What this task involves:
Up to and including the line that contains "повышает иммунитет. |", repeat the entries below exactly from the first line on. Do not carry over any pictures.

Listed entries:
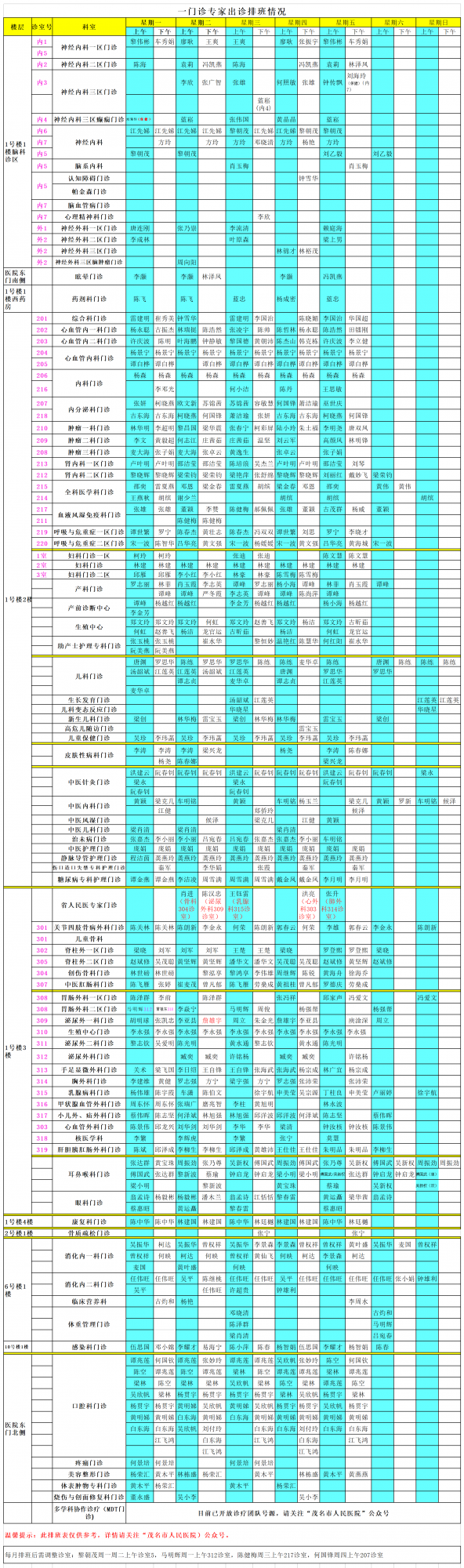 当天专家出诊时间部分可能存在调整,具体以微信公众号“茂名市人民医院”专家出诊时间为准。
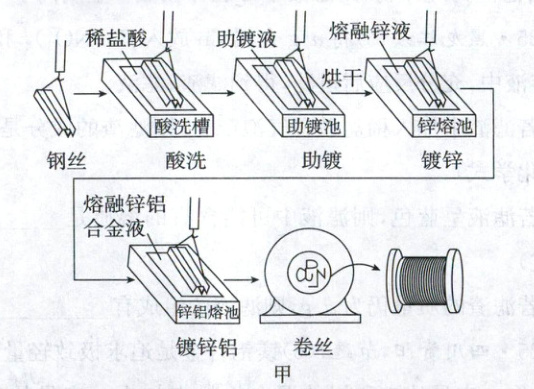 一种超高强度锌铝合金镀层钢丝生产的主要工序如图甲所示:
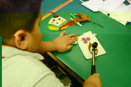 在植物拓印端午香囊中,小朋友挑選自己喜歡的本草植物,手拿小錘将植物形狀和紋理在無紡布袋上“敲敲”留住。随後,孩子們在橙小青志願者的指導下熟練的裝料、填充、封邊,一個個香氣宜人、小巧玲珑的中藥香囊就完成了。
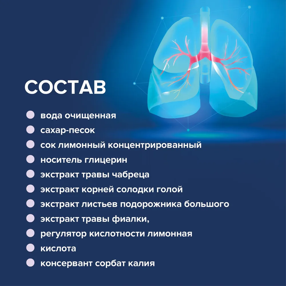 | Фармакологическое действие | Оказывает отхаркивающее, противовоспалительное, противомикробное и бронхолитическое действие, снижает вязкость мокроты и ускоряет её эвакуацию. Обладает общеукрепляющим и тонизирующим действием. Является источником флавоноидов и глицирризиновой кислоты.Трава чабреца оказывает отхаркивающее действие, используется как общеукрепляющее и тонизирующее средство.Корень солодки повышает секреторную функцию эпителия органов дыхания, под его воздействием происходит разжижение мокроты, облегчается дыхание в период простудных заболеваний. Оказывает отхаркивающее действие, регулирует водно-солевой обмен. Глицирризиновая кислота, являющаяся активным действующим веществом солодки, проявляет противовирусное действие.Листья подорожника оказывают противовоспалительное и отхаркивающее действие.Трава фиалки оказывает отхаркивающие действие.Сок лимона является источником витамина С, повышает иммунитет. |
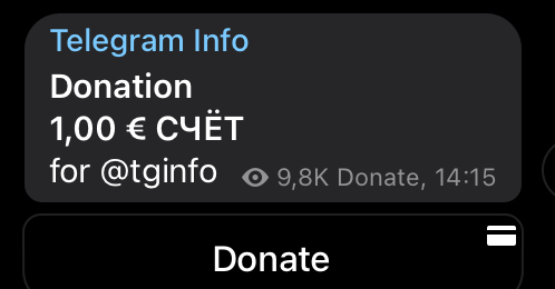В Telegram появился новый инструмент для пожертвования создателям контента — верифицированный бот @donate. Он работает на технологии Payment 2.0. Несмотря на то, что выглядит бот как нативное решение мессенджера, это сторонний сервис сайта smart-glocal.com.
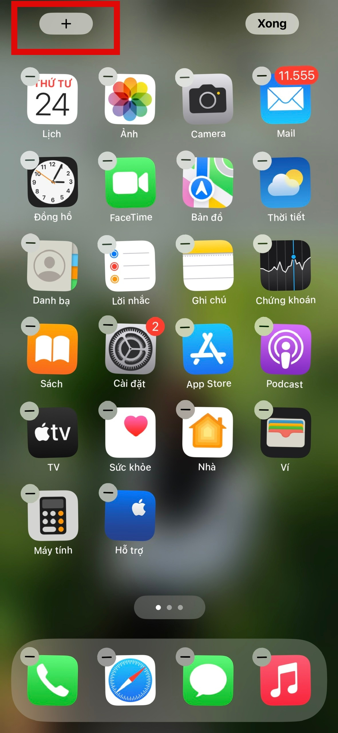 Bước 2: Thoát ra màn hình chính trên iPhone, nhấn và giữ vào màn hình rồi chọn biểu tượng dấu cộng ở góc trên bên trái màn hình.

Output for this exercise:
 当天专家出诊时间部分可能存在调整,具体以微信公众号“茂名市人民医院”专家出诊时间为准。
 一种超高强度锌铝合金镀层钢丝生产的主要工序如图甲所示:
 在植物拓印端午香囊中,小朋友挑選自己喜歡的本草植物,手拿小錘将植物形狀和紋理在無紡布袋上“敲敲”留住。随後,孩子們在橙小青志願者的指導下熟練的裝料、填充、封邊,一個個香氣宜人、小巧玲珑的中藥香囊就完成了。
 | Фармакологическое действие | Оказывает отхаркивающее, противовоспалительное, противомикробное и бронхолитическое действие, снижает вязкость мокроты и ускоряет её эвакуацию. Обладает общеукрепляющим и тонизирующим действием. Является источником флавоноидов и глицирризиновой кислоты.Трава чабреца оказывает отхаркивающее действие, используется как общеукрепляющее и тонизирующее средство.Корень солодки повышает секреторную функцию эпителия органов дыхания, под его воздействием происходит разжижение мокроты, облегчается дыхание в период простудных заболеваний. Оказывает отхаркивающее действие, регулирует водно-солевой обмен. Глицирризиновая кислота, являющаяся активным действующим веществом солодки, проявляет противовирусное действие.Листья подорожника оказывают противовоспалительное и отхаркивающее действие.Трава фиалки оказывает отхаркивающие действие.Сок лимона является источником витамина С, повышает иммунитет. |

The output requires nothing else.